Charles F. Goldfarb’s XML Handbook (1998 — now in its 5th edition) also had a profound influence on me. Goldfarb consistently described markup as a way to represent information rather than merely format documents. His work reinforced the idea that information becomes more valuable when it can survive changes in software, platforms, and delivery channels.
The work that probably influenced me most came from Robert J. Glushko. His research explored the economic value of standardized information and the capabilities organizations gain when information is represented using common structures and shared semantics.
One observation that stayed with me was Glushko’s argument that standard document representations reduce the costs associated with exchanging, integrating, processing, and reusing information.
When organizations stop reinventing information structures for every application and workflow, they can build capabilities that would otherwise be impractical or prohibitively expensive.
That insight helped me understand that XML wasn’t fundamentally about documents. It was about creating information that could participate in larger systems.
Related reading: The Discipline of Organizing (4th Professional Edition) by Robert J. Glushko
Document Engineering: Analyzing And Designing Documents For Business Informatics & Web Services by Robert J. Glushko and Tim McGrath
The W3C Told Us This From The Beginning
One of the most overlooked XML documents is the W3C’s “XML in 10 Points.” Reading it today is a useful reminder of what XML’s architects were trying to accomplish.
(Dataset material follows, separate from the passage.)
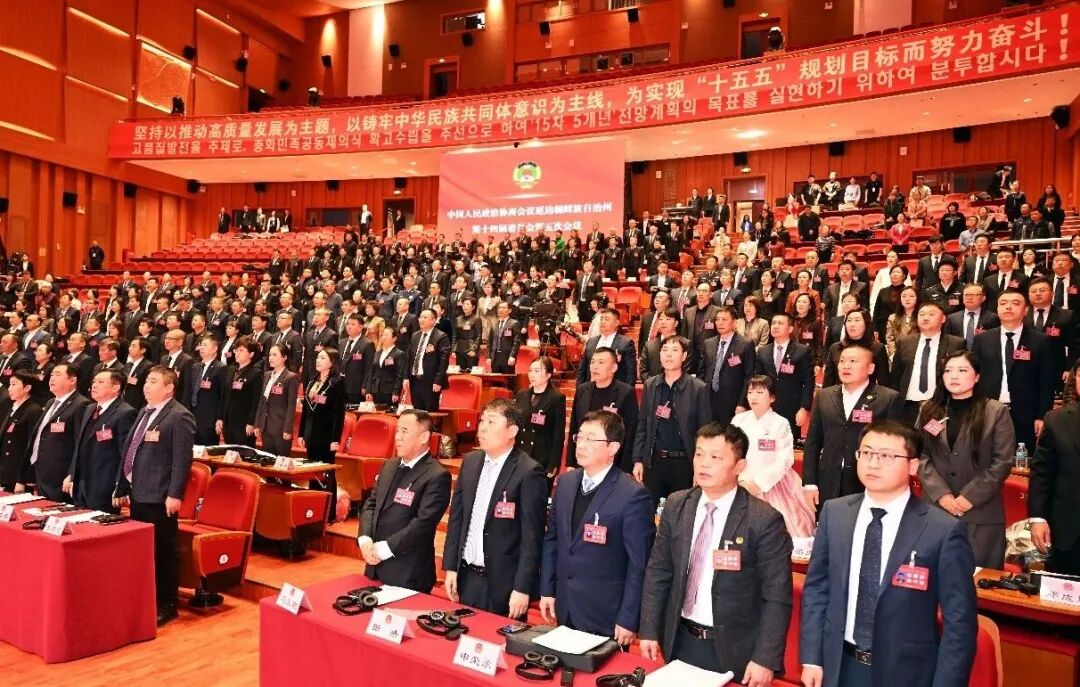 会场气氛庄重而热烈。二楼眺台上,“坚持以推动高质量发展为主题,以铸牢中华民族共同体意识为主线,为实现‘十五五’规划目标而努力奋斗!”的横幅标语格外醒目;主席台上,中国人民政治协商会议会徽悬挂在正中央,十面鲜艳的红旗分列两侧。

The document emphasizes that XML is extensible, platform-independent, international, easy to process, and capable of supporting a wide variety of applications. It highlights the separation of content from presentation and the ability to exchange structured information across different environments.
What stands out now is how little emphasis is placed on publishing.
The W3C wasn’t primarily describing a better way to create web pages or manuals. It was describing a framework for making information portable and interoperable.
Those ten points read almost like a checklist for what organizations now call AI readiness. AI systems need information that is structured, consistent, machine-processable, portable, and capable of being validated. They need information whose meaning remains intact as it moves between repositories, applications, retrieval systems, and user interfaces.
Those requirements may sound modern, but they are remarkably close to the design goals XML was created to support nearly three decades ago.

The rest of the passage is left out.